I’ve spent twenty years reading the minute shifts in a person’s posture before they pull a trigger or a lead. I know the way skin tightens around the jaw when someone is holding back a hit. Ava isn't a threat, but she’s a variable I can’t solve right now, and the lack of data is gnawing at me.

Her hand is in mine, but she’s not there. She’s somewhere internal, checking a perimeter I can’t see.

When she tugs me toward the front door, I let her lead, but the tactical part of my brain—the part that never actually sleeps—starts running through the possibilities. Is it her mother? Is it a patient? Or is it us?

I push the concern into a compartment for later, but it doesn't stay quiet. It hums under my skin, a low-level vibration that makes the Baltimore humidity feel ten degrees hotter.

Something is coming. And for the first time in a long time, I have no idea if I’m prepared to catch it.

Reese pulls up, and Bandit is out of the truck before the dust settles. He’s a blue-eyed blur of white fur, entirely unsuited for a Maryland summer, and he makes a beeline for the hydrangeas.

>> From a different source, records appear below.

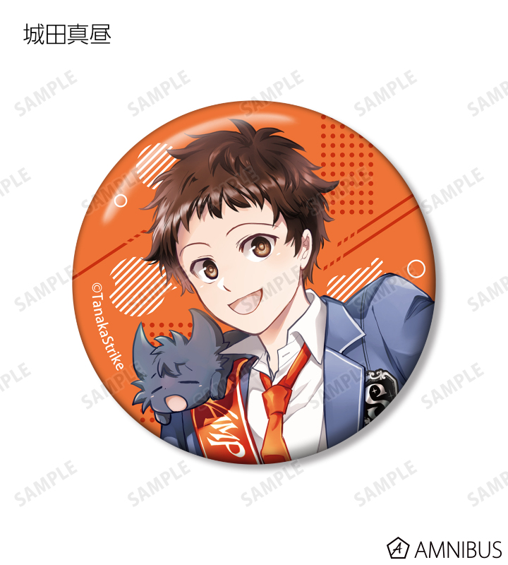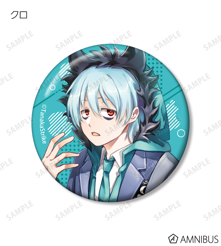 田中ストライク先生描き下ろしイラストの城田真昼、クロ、リヒト・ジキルランド・轟、ロウレス、有栖院御園、有栖院御国、椿、綿貫桜哉、ベルキア、狼谷吊戯を缶バッジに仕上げました。
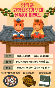 영덕군이 다가오는 설 명절을 맞아 고향사랑기부제 참여자들을 위한 특별감사 이벤트를 진행한다. 영덕군은 작년 경상북도 군부 가운데 고향사랑기부금을 가장 많이 모금한 지자체로, 이번 이벤트는 기부자들이 보내준 관심과 성원에 보답하고 고향사랑기부제 참여를 더욱 활성화하기 위해 이뤄졌다. 이에 이달 28일까지 고향사랑기부제에 참여한 기부자들에게 추첨을 통해 한돈 세트, 물가자미 세트, 대게 김 등 영덕군을 대표하는 지역 농·수·축산물을 답례품과 함께 추가 제공할 예정이다. 더불어 고향사랑기부제 참여자들에게 지급되는 답례품을 설 명절 선물로 활용할 수 있는 실속 있는 지역 특산품들로 구성해 기부자들의 만족도를 충족시킨다는 방침이다. 김옥희 재무과장은 “경북 군부 1위라는 성과는 영덕을 사랑해 주신 기부자 한 분 한 분의 소중한 참여 덕분”이라며, “그 소중한 관심과 지역 사랑이 모여 더 나은 영덕을 만들어가는 큰 힘이 될 것”이라고 전했다. 최선학 기자 kbnews7005@hanmail.net
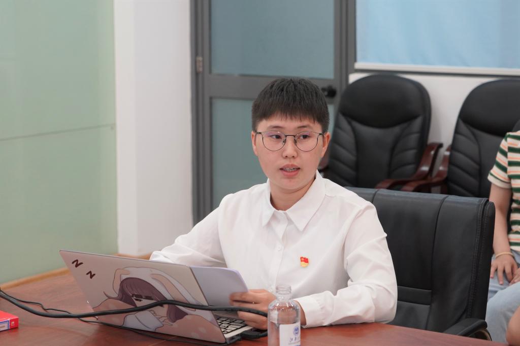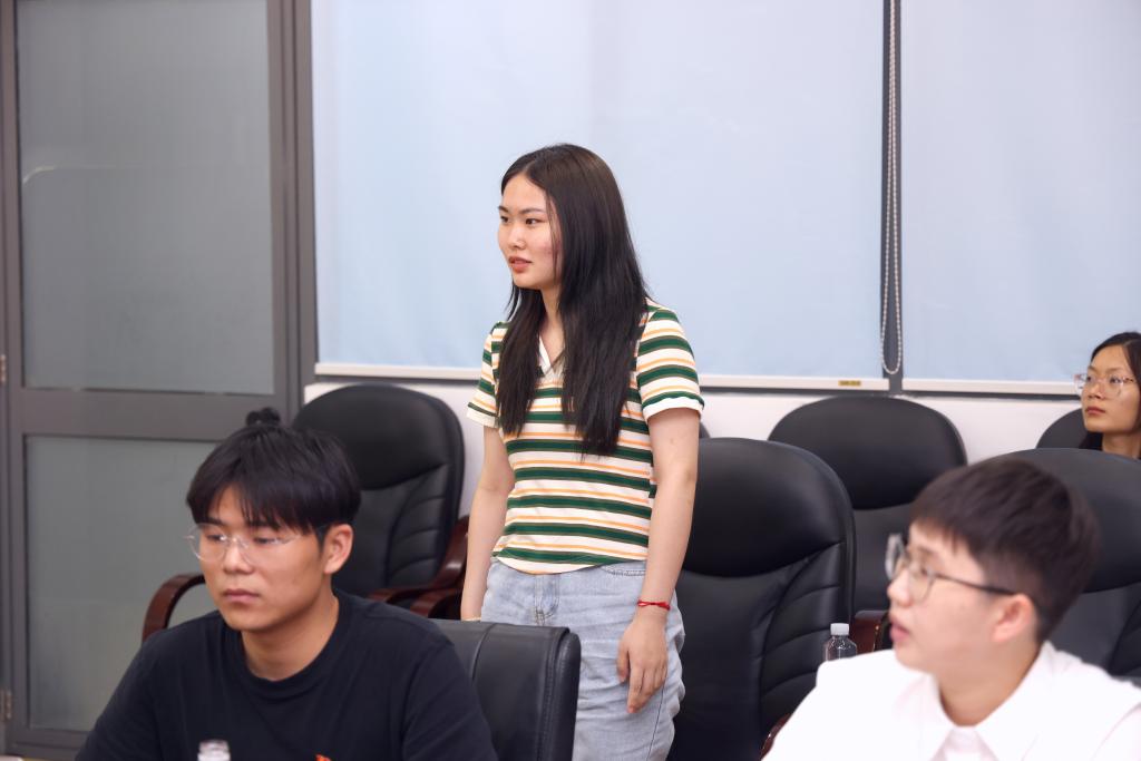 校长陈卫在2023年毕业典礼上的讲话以及自身参与社会实践的经历,向同学们阐述了“自找苦吃”的精神内涵,表达了青年学生要传承“自找苦吃”的品质,勇担科技报国的责任;点面结合地介绍了《习近平与大学生朋友们》的内容,分享了自己的阅读收获,引发了支部党员们的现场的学习讨论。支部党员张文杰结合科技热点chatGPT,分享自己面对科技前沿挑战时的态度和立场,激励广大同学将“卡脖子”技术难题作为今后学习和突破的方向,迎难而上,为实现高水平科技自立自强贡献自己的力量。活动还设置了主题教育互动问答和为学院暑期重点社会实践团队授旗等环节。

Verity comes up the steps first, hair pinned up against the heat, heading straight for Ava. They have that easy, six-month shorthand now—the bond of women who have to navigate the silences of men like us. Reese follows, and we trade a look and a handshake that says everything it needs to.

“You’re early. You check out the office?”

“Had to,” Reese says. “Boss keeps us on a short leash.”

“Funny. Maybe you should apply that to your mutt.”

Bandit finishes his recon of the flowerbeds and nails Ava with unerring accuracy, planting two paws right on her white shirt. She flinches—a sharp, visceral recoil I’ve never seen from her—and steps back into the shade of the porch.

"Bandit," Verity says sharply, but Ava is already turning for the door, her face a shade of pale that has nothing to do with the heat.

"Inside," she says. "It's too hot out here."